[RECORDS]
----
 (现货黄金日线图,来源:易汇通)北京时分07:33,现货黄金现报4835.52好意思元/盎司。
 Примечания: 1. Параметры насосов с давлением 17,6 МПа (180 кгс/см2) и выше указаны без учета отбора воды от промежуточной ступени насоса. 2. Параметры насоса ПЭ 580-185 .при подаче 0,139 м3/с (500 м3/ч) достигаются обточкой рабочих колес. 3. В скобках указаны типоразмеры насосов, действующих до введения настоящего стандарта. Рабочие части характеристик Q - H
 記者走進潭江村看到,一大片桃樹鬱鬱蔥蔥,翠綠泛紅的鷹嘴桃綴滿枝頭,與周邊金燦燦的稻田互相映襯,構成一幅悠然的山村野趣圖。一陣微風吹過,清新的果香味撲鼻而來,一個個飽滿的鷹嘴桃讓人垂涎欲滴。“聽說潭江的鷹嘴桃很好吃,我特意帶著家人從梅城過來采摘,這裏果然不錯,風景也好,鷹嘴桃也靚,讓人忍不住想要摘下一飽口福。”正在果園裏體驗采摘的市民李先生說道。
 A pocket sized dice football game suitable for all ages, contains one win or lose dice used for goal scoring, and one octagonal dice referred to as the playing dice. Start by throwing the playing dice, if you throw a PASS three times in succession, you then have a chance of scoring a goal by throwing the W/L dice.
----
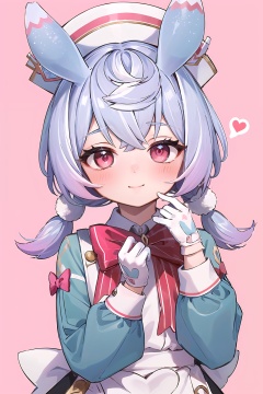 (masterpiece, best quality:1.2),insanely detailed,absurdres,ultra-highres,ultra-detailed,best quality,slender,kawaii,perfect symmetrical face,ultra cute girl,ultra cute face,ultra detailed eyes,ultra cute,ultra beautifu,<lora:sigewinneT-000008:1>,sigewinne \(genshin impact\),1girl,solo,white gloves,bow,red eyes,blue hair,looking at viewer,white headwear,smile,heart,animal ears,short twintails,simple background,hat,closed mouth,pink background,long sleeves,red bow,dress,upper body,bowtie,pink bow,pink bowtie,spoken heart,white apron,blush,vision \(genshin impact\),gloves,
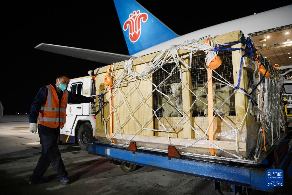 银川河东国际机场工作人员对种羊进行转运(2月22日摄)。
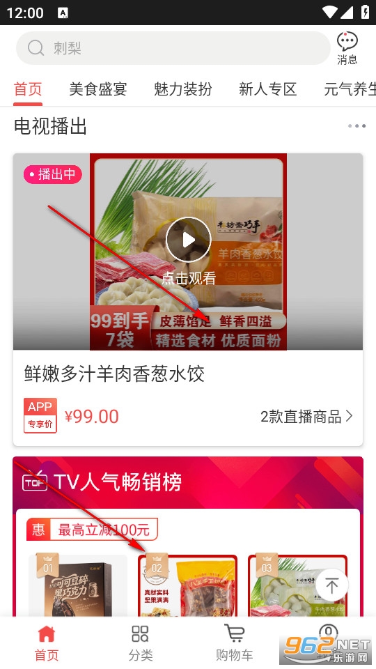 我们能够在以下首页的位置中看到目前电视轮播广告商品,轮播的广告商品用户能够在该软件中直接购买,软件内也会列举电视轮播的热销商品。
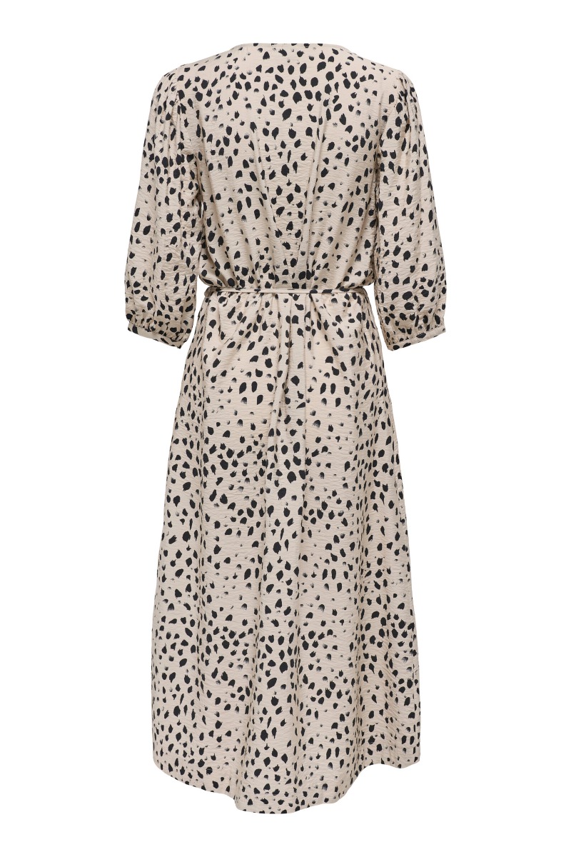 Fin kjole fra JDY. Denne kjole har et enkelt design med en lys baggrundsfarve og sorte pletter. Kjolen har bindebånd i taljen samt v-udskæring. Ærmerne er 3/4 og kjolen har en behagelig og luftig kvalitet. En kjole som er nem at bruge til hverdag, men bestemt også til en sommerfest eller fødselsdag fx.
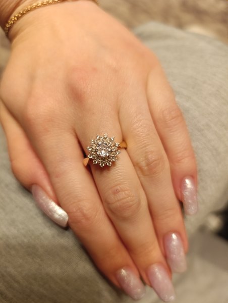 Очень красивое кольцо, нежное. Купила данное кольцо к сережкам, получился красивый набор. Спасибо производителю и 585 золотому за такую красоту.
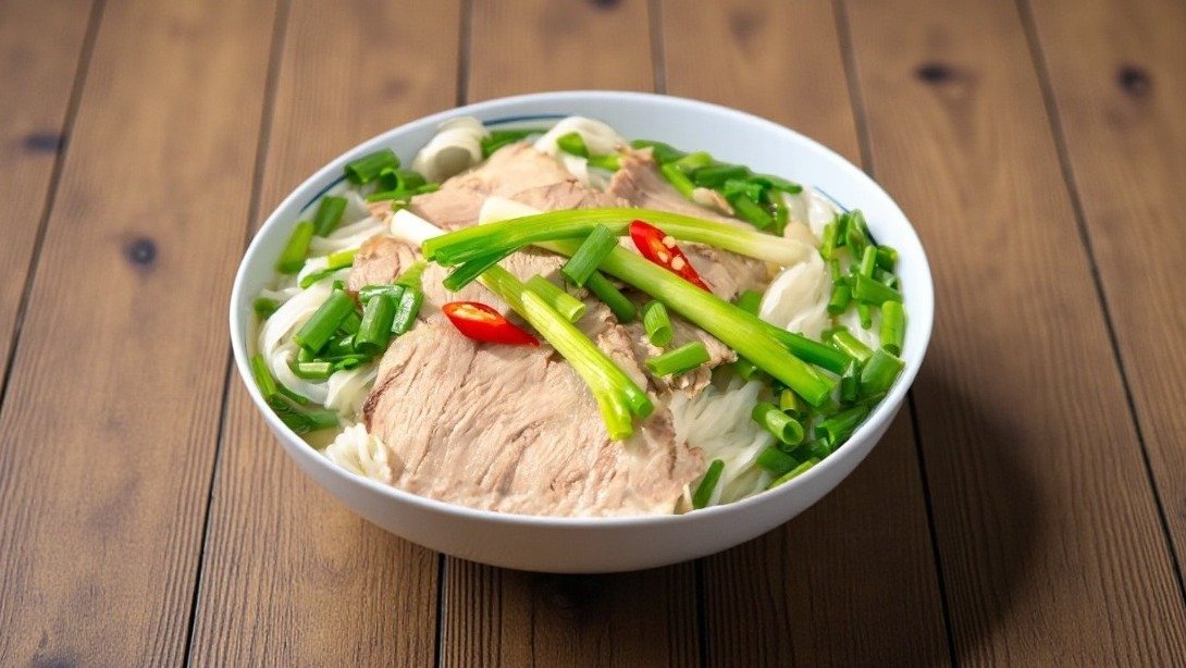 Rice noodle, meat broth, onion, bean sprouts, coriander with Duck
----
[WORK TASK]
Where the listing above has a line with "記者走進潭江村看到,一大片桃", start there, and output every line exactly through the line with "A pocket sized", which is also included.

[EXPECTED ANSWER]
 記者走進潭江村看到,一大片桃樹鬱鬱蔥蔥,翠綠泛紅的鷹嘴桃綴滿枝頭,與周邊金燦燦的稻田互相映襯,構成一幅悠然的山村野趣圖。一陣微風吹過,清新的果香味撲鼻而來,一個個飽滿的鷹嘴桃讓人垂涎欲滴。“聽說潭江的鷹嘴桃很好吃,我特意帶著家人從梅城過來采摘,這裏果然不錯,風景也好,鷹嘴桃也靚,讓人忍不住想要摘下一飽口福。”正在果園裏體驗采摘的市民李先生說道。
 A pocket sized dice football game suitable for all ages, contains one win or lose dice used for goal scoring, and one octagonal dice referred to as the playing dice. Start by throwing the playing dice, if you throw a PASS three times in succession, you then have a chance of scoring a goal by throwing the W/L dice.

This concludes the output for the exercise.